Put it this way — theoretical omniscience isn’t a good look.
THE VALUE OF AGGRESSIVENESS
Bruce Bochy has a very deep, very good bullpen. He’s not afraid to use it. And it just might help the Giants pull off a huge comeback in their NLDS battle with the Reds.
You might’ve expected Bochy to be conservative with his pen after closer Sergio Romo and lefty setup man Jeremy Affeldt tossed two innings apiece on Tuesday. Never happened. Bochy didn’t dwell on the Giants’ streak of 12 straight wins in Zito starts, or San Francisco’s 3-2 lead in the third inning. Zito had walked in a run in the first and struggled throughout his first 2⅔ innings pitched, needing 76 pitches to get those eight outs and giving up eight base runners in the process. Long man George Kontos doused a burgeoning rally in the third, and the rest of the bullpen took it from there.
The star of the game, other than unlikely power-hitting heroes Angel Pagan and Gregor Blanco, was Tim Lincecum.
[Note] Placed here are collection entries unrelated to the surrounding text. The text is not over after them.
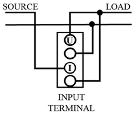 The measurement setup used in this work was a direct-input single-phase (two-wire) system. This setup can be seen in Figure 2.
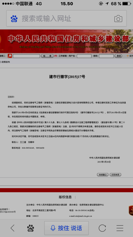 国家住房和城乡建设部网站截屏(网址:http://www.mohurd.gov.cn/wjfb/201506/t20150602_221037.html)
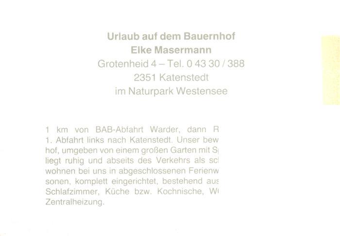 73922245 Katenstedt Emkendorf Bauernhof Elke Masermann postalisch nicht gelaufen Werbekarte (keine Postkarte) Erhaltung siehe scans [WerneD78] Werbekarte (keine Postkarte) Wern Katcode 11110001058049
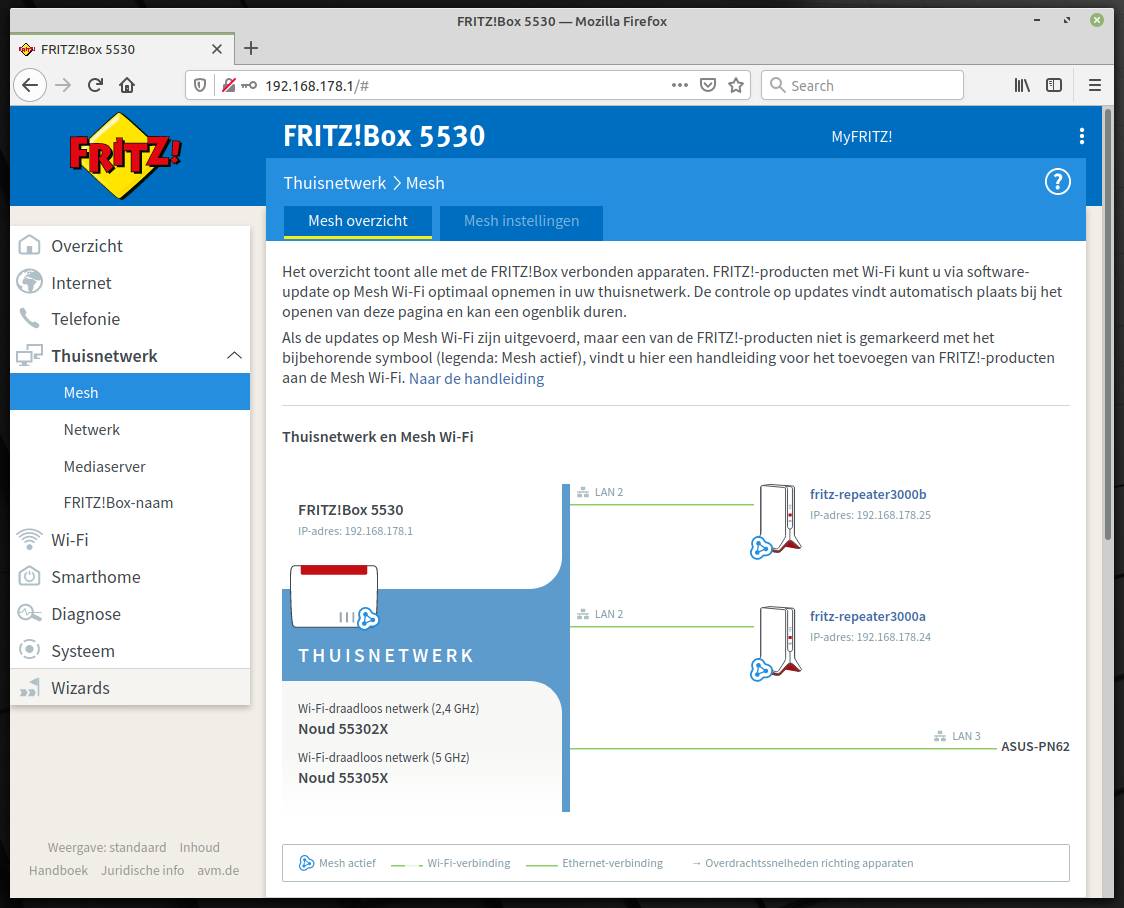 Een ander voordeel is het centraal beheer van het meshsysteem. Je krijg in de router een overzicht te zien van alle netwerkonderdelen en wat daarop aangesloten is, waarbij je die vanuit dat overzicht rechtstreeks kunt updaten als dat aan de orde is. Alle wijzigingen aan de netwerkinstellingen die je bij de router doet, worden automatisch overgenomen door de mesh-apparaten. Daarmee is een stabiel meshnetwerk te installeren, waar de router zelf ook onderdeel van is. Dat heeft voordelen ten opzichte van een los wifi-meshsysteem, dat je met een andere webinterface of een app weer apart moet beheren.
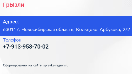 ГрЫзли по адресу 630117, Новосибирская область, Кольцово, Арбузова, 2/2 в дальнейшем Организация, размещена в следующих категориях:
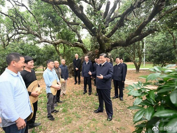 4月11日,习近平总书记在广东省茂名市高州市根子镇柏桥村考察荔枝种植园、龙眼荔枝专业合作社,了解当地发展荔枝等特色种植业、推进乡村振兴等情况。
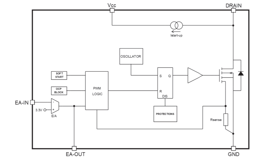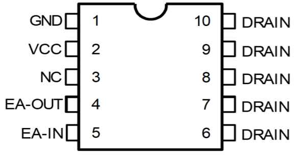 VIPer122系列器件采用10引腳的封裝方式,包括:1個(gè)GND、1個(gè)VCC、1個(gè)NC、1個(gè)EA-OUT、1個(gè)EA-IN和5個(gè)DRAIN。其中,內(nèi)置高壓開關(guān)啟動(dòng)偏置電流來自DRAIN。
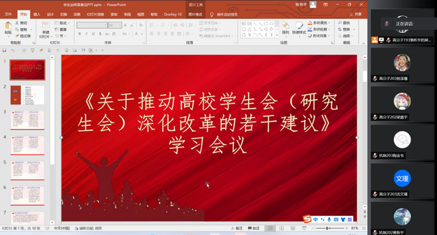 为进一步提升学生干部队伍素养,引导学生干部更好地为学生服务,4月28日,机械与材料工程系于线上顺利召开《学生会春季全员培训》学习会议,会议由系学生会执行主席骆昕宇主讲,全体学生会成员参加。
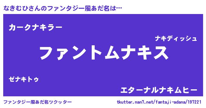 | 意味不明あだ名 | 『とにかく怪しいなきむひ』 |
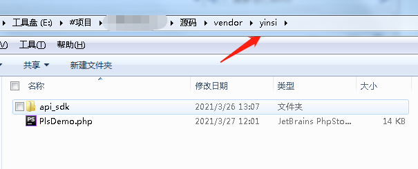 将解压的文件夹内的 api_sdk 文件夹与 api_demo 文件夹内的 PlsDemo.php,拷贝到项目 vendor 目录下,笔者这里是放在了yinsi文件夹
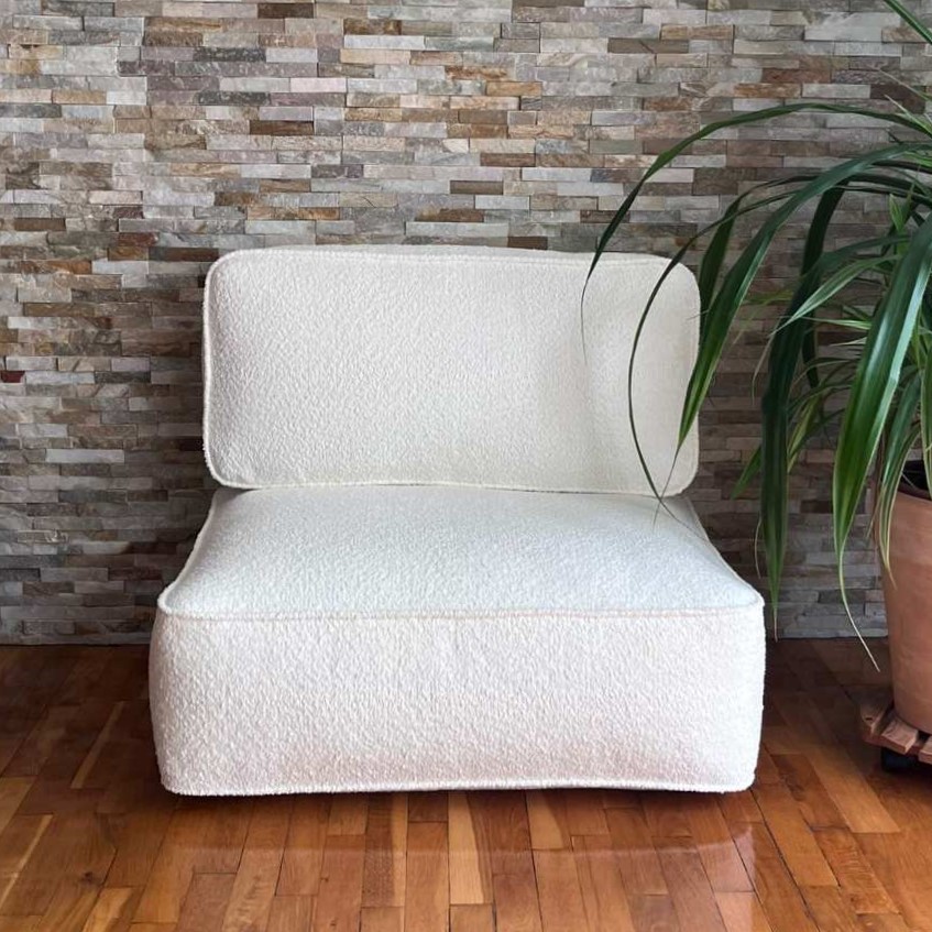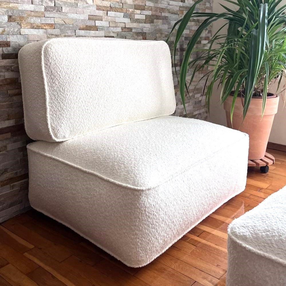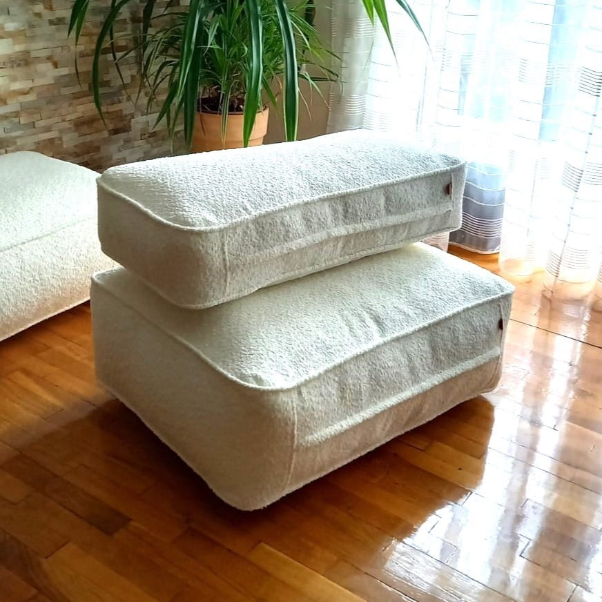 Ręcznie wykonana miękka sofa boucle składająca się z zestawu poduchy podłogowej oraz poduchy oparciowej. Kupując kilka modułów możemy własnoręcznie stworzyć kanapę lub narożnik i w ten sposób zaaranżować miejsce do siedzenia w stylu boho w salonie lub w sypialni. Poduchy możemy używać także niezależnie kładąc je obydwie na podłodze i jedną wykorzystać jako puf lub stolik a drugą jako siedzisko. Poduchy, które składają się na zestaw możemy zastosować również w modnych kanapach wykonywanych z palet. Modułowa miękka sofa kanapa fotel boucle doda przytulności każdemu wnętrzu, w którym ją zastosujemy na przykład w sypialni lub garderobie.
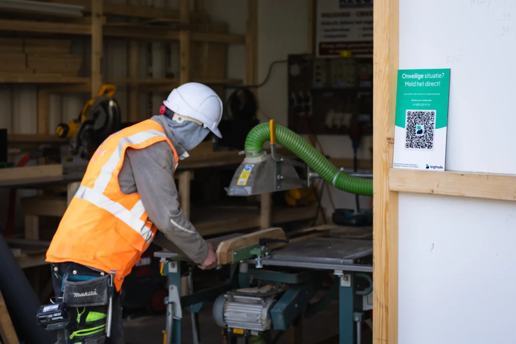 Brightsafe sluit perfect aan op de dynamiek van de bouwsector. Medewerkers scannen eenvoudig een QR-code op locatie om een melding te maken. Zonder login, zonder app. Meldingen komen direct terecht in het centrale dashboard, waar ze toegewezen, opgevolgd en afgehandeld kunnen worden.
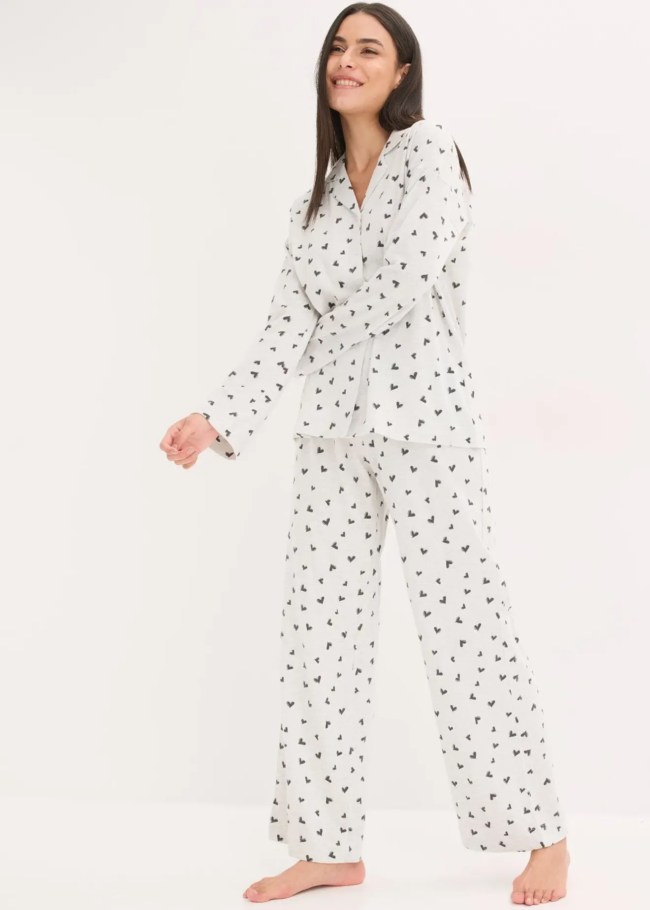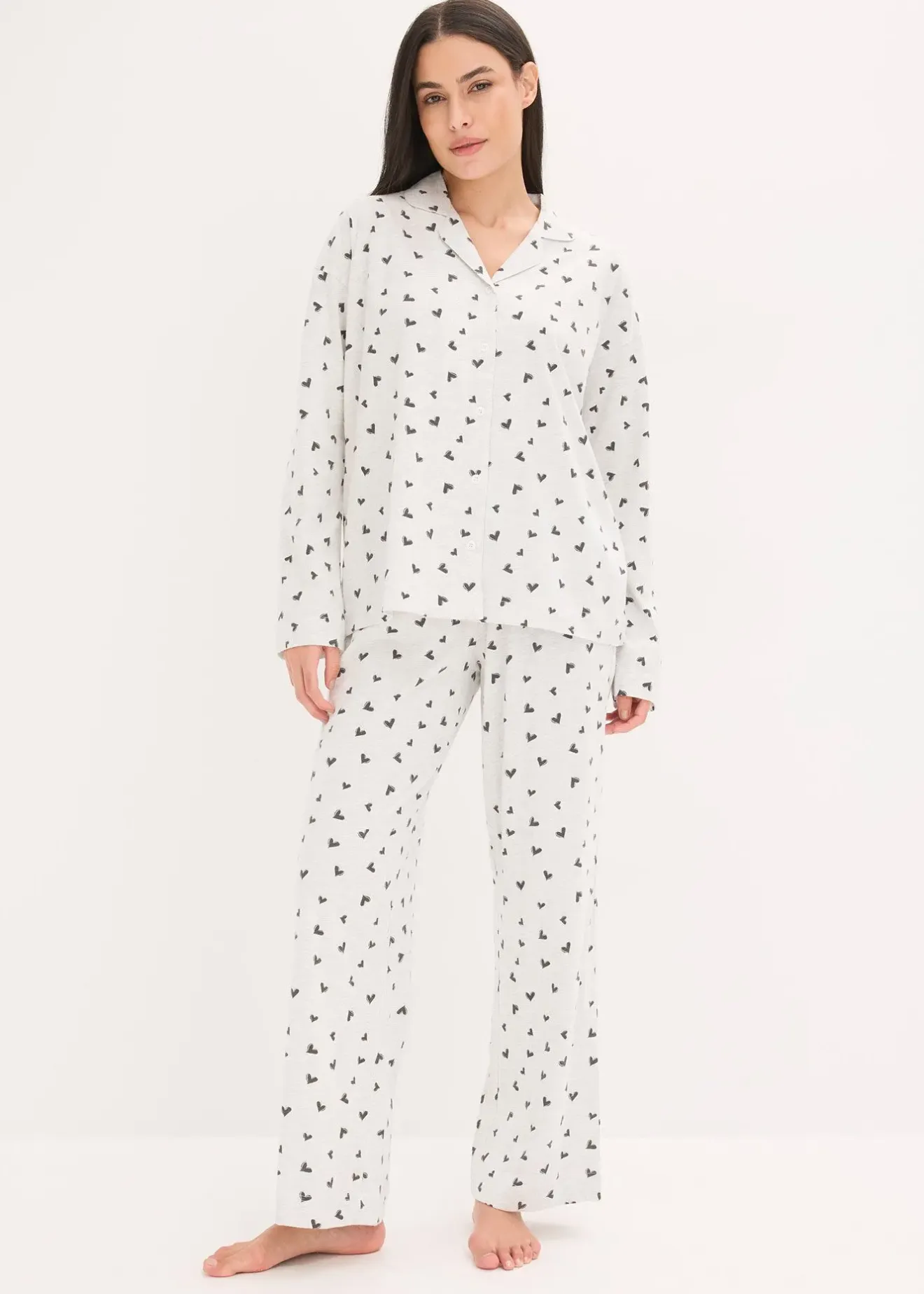 Pyjama oversize à imprimé cœur et manches longues
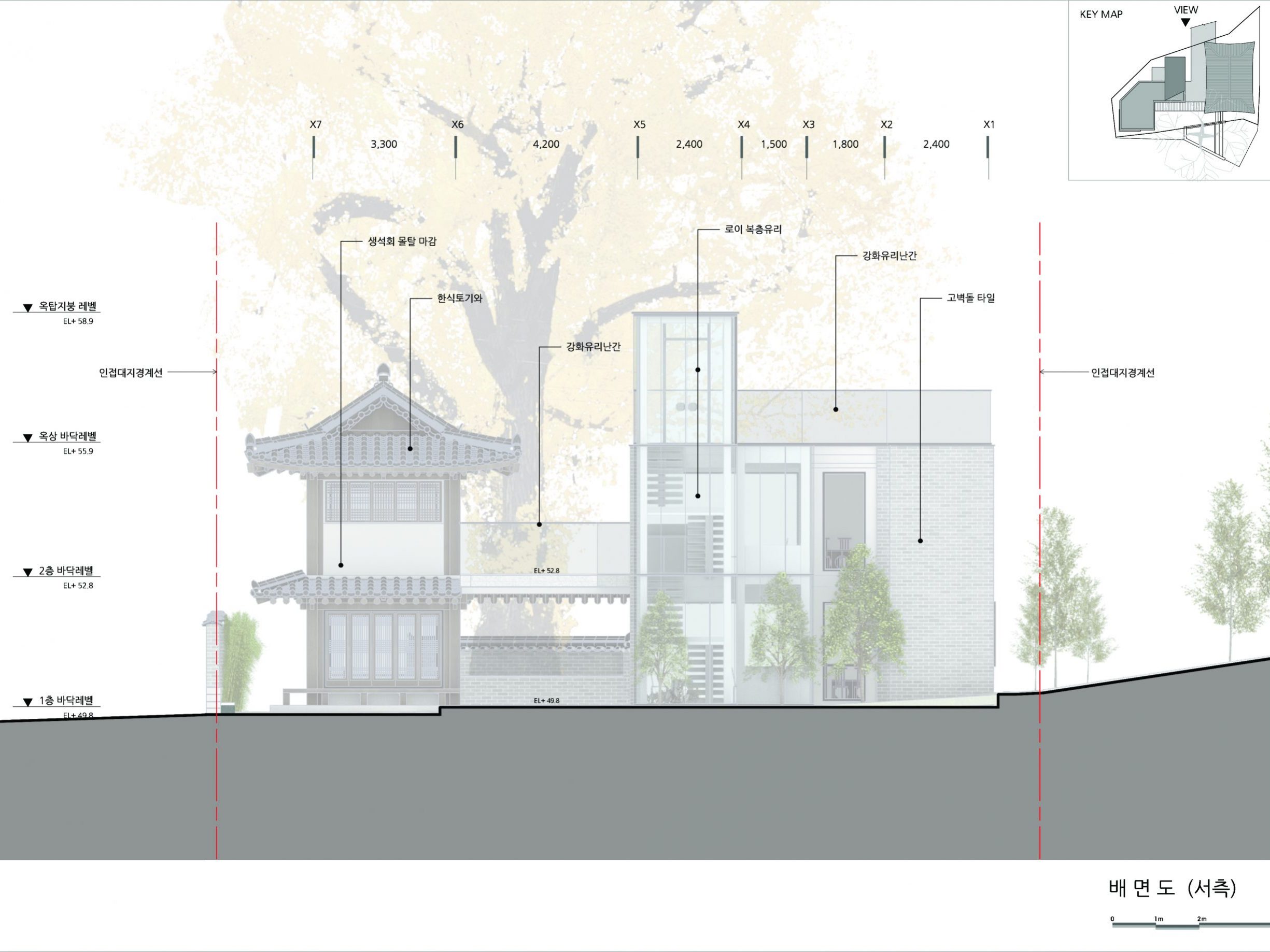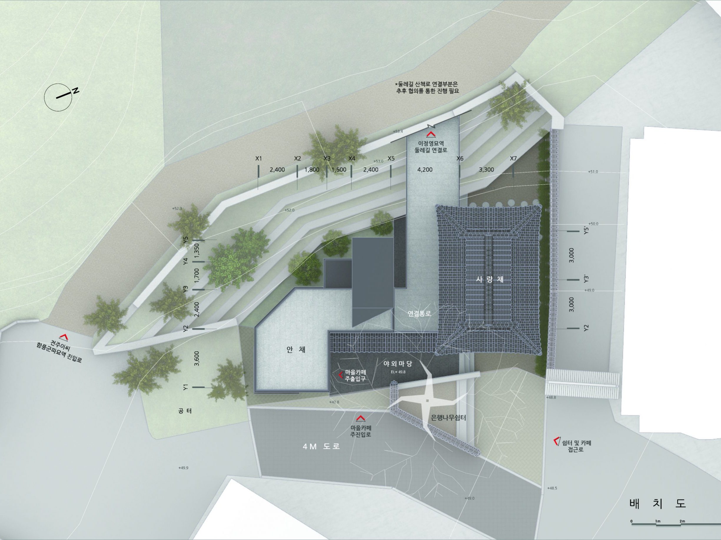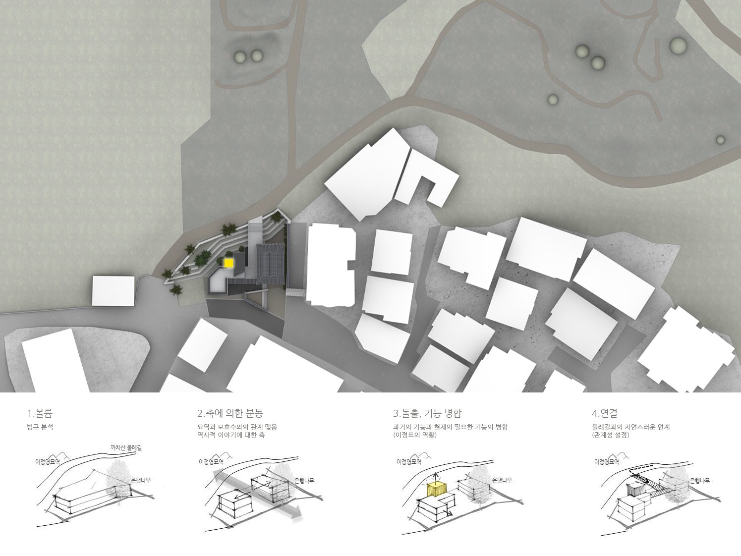 과거의 이야기와 기능에 의해 형성된 역사축을 기반으로 공간의 비워냄을 통해 과거와 현재를 연결하였다.
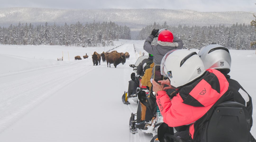 From December 15 to March 15 Gary Gales Outfitting runs snowmobile tours through snowy Yellowstone National Park. They are the only outfitter with eastside park access, guiding snowmobilers through Sylvan Pass and along the Yellowstone River to Yellowstone Canyon and Falls. Zip through the snow under alpine forests while stopping along the way to spot wildlife. Bison are aplenty, but you might also see bald eagles, otters, elk, mule deer, and moose. If you’re lucky, you’ll have a “Triple Dog Day,” a rare occasion that only happens a few times each season where you’ll see wolves, coyote, and foxes all in one day.
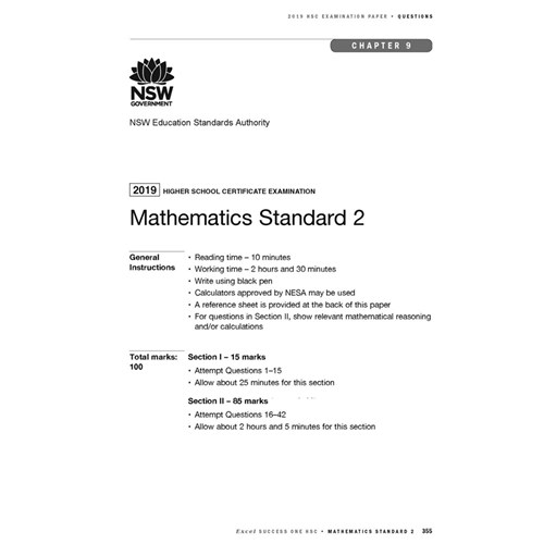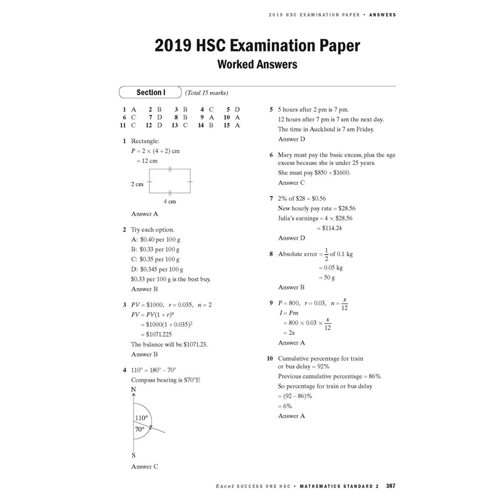 WebGet the Results You Want! NEW with Excel Success One HSC Mathematics Standard 2 2022 Edition. To maximize your marks, you need to practise as many actual past HSC. WebLast year's HSC maths exam featured questions requiring students to use concepts which had been taught to advanced mathematics classes but not those in the. WebWorked Solutions to the 2021 HSC Mathematics Standard 2 Exam. by Mindy Amaral. Each year, as soon as the paper is officially published, I work through the solutions to the latest. WebVisit https://sites.google.com/view/TheMathsStudio for the HSC Revision Video Catalogue.Source: © NSW Education Standards AuthorityDisclaimer - These. WebNESA 2021 Mathematics Standard 2 HSC Examination 19 5 The Coordinated Universal Time (UTC) of Auckland is +12 hours and the UTC of 1 Solution MS2 Chicago is –5. WebBoard of Studies Teaching and Educational Standards NSW Australia serves teachers and a million students in both government and non-government schools. HSC examinations,. WebMaths Ext 2 HSC Papers. General / Standard Maths Trial Papers. 101 papers online, 95 w. sol. Maths (2U) Trial Papers. 537 papers online, 515 w. sol. Maths Ext 1 Trial Papers.. WebFinancial mathematics (Standard 2) study session. Karen Bellamy gives an overview of financial mathematics topic for Mathematics Standard 2 in this Aurora College. WebMathematics Standard 2 Revision & Exam Workbook. Mathematics Standard 2 Study Guide. Mathematics Standard 2 Success Past Papers. Financial Budget Assessment.

Exiled from the rotation, Linecum entered Wednesday’s game with two outs in the fourth, and proceeded to chuck 4⅓ innings of one-run ball, giving up just two hits and no walks against six strikeouts. Lincecum’s heavy lifting and dazzling changeup (he threw the change a season-high 42 percent of the time and got six outs with the pitch, per ESPN Stats and Info) helped ensure that Romo and Affeldt could return for Game 5 after a full day’s rest.
It would’ve been interesting to test Dusty Baker’s own threshold for aggression with his Game 4 starting pitching choice. With staff ace Johnny Cueto hurt, Baker could’ve opted for the talented Mat Latos on three days’ rest (but coming off a manageable four-inning/57-pitch outing) or the rotation’s clear worst starter, Mike Leake. As it turned out, Latos came down with a nasty case of allergy-related congestion, forcing Baker’s hand toward Leake, and ultimately a Game 4 loss. Still, whether through circumstance or hard decision-making, Cincinnati now faces a decisive Game 5 pitted against Giants ace and elite starter Matt Cain. It’ll be interesting to see if Baker matches Bochy’s bold moves in Game 5, whether with his bullpen use or through other means.
THE BEST OF THE REST
• Raul Ibanez vs. left-handed pitchers during the regular season in 2012, before his game-winning homer off Orioles lefty Brian Matusz in extra innings: .197/.246/.246, with no homers.
• Prior to Wednesday’s game, the Orioles had never had a rookie hit a postseason HR. Rookies Manny Machado and Ryan Flaherty both went yard in Game 3.
• The Orioles are 16-3 this year in extra-inning games. All three of those losses have come against the Yankees.
• Coco Crisp gets pied, and Gatoraded.
• Peter Brand is psyched.
• Seth Smith is confused.
• Jim Leyland on losing a thrilling but heartbreaking Game 4: “That’s why this is the greatest game of all.”
• Chris Carpenter helped himself, and got help from others, too. The Cardinals starter smacked two hits against Edwin Jackson, the second one a double off the left-field wall that just missed being a home run. He also benefited from Jim Joyce’s latest blown call at first. Joyce is a veteran umpire who undoubtedly tries his best. But between the Armando Galarraga thwarted-perfect-game call and now this blown one, Joyce is developing a reputation as a guy you don’t want at first in big spots. You can be sensitive to Joyce’s humanity and still want better. We have the technology to make his job, and the jobs of other umpires, easier. It’s pigheaded stubbornness and cheapness that’s preventing what should have been done long ago.
• Gregor Blanco had hit four career homers in 934 regular-season plate appearances against right-handed pitching before teeing off on whackable Reds starter Mike Leake in Game 4.
One last quadruple-header today, including two decisive Game 5s. And hopefully at least one more chance for Kobe Bryant to teach us how winning ruins team chemistry.